За эспрессо с мороженым в "Сладкоежке" спрашиваю, насколько серьёзен её роман с К. (Две его фотографии из альбома вперемежку с городскими пейзажами и моими портретами, сделанными в предыдущий приезд, из-за которых я наговорил в гостинице кучу глупостей.)
Чем он занимается?
Музыкант, пишет для денег женские романы под псевдонимом.
После паузы: мы познакомились на презентации Боулза.
(Я достаю сигареты, перед глазами две этих фотографии; я хочу их забыть, хочу их видеть, но чтобы забыть, нужно о них написать, а чтобы видеть наоборот, нужно быть с G.)
Она тоже берёт сигарету и закуривает.
Он хороший.
Да, соглашаюсь я.
(Ведь фотографию невозможно уничтожить, невозможно порвать; это многоголовая гидра имени рождённого под знаком Сатурна Б., близорукого, страдающего одышкой еврея, эякулирующего в гроте на Капри в ладошку Аси Лацис.)

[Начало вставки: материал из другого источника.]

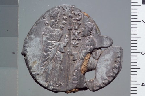 bolla plumbea del doge Paolo GRimani. Reca sul recto San Marco, a sinistra, regge con la destra un vessillo mentre il doge, a destra, reso di profilo e pi˘ piccolo del santo, regge l'asta del vessillo con la sinistra.

He is homosexual, isn't he?
(Стряхивает пепел.)
Он мне помог. А я помогла ему.
(Выпускает дым.)
I think, you understand.
--------
Свидригайлов уезжает в Америку.
Об этом его "отъезде" я делал доклад в 1994 году в университете Айовы.
После доклада один чилийский писатель
с начинающей входить в моду эспаньолкой
попросил меня написать для него фамилию Свидригайлов латиницей.

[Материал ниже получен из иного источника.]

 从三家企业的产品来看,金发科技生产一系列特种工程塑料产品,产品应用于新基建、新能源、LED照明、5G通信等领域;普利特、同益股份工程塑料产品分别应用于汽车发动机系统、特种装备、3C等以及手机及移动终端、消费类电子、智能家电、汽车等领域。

Он читал "Преступление и наказание", но не помнил, чтобы там был такой персонаж.
Эй, вы, Svidrigaylov.
Что вы думаете об удовольствии?
Оно то, что каждый сам себе представляет.
А о боли?
Боль это нечто иное, нежели удовольствие, но не настолько, чтобы являться его противоположностью. В некоторых случаях удовольствие возникает при условии определённого ритмического чередования болевых ощущений.
Вы полетите на воздушном шаре с Бергом?
Возможно.
Вы боитесь смерти?
Когда я фотографирую себя одного на вокзалах или в аэропортах, я выбрасываю или разрываю фотографию на маленькие кусочки, которые я позволяю себе выбросить через окно, если это поезд, или оставляю их в пепельнице или журнале, если это самолёт.
(Пауза.)
Страх перед смертью лишён собственного содержания, это аналог страха перед кастрацией.
.............................................................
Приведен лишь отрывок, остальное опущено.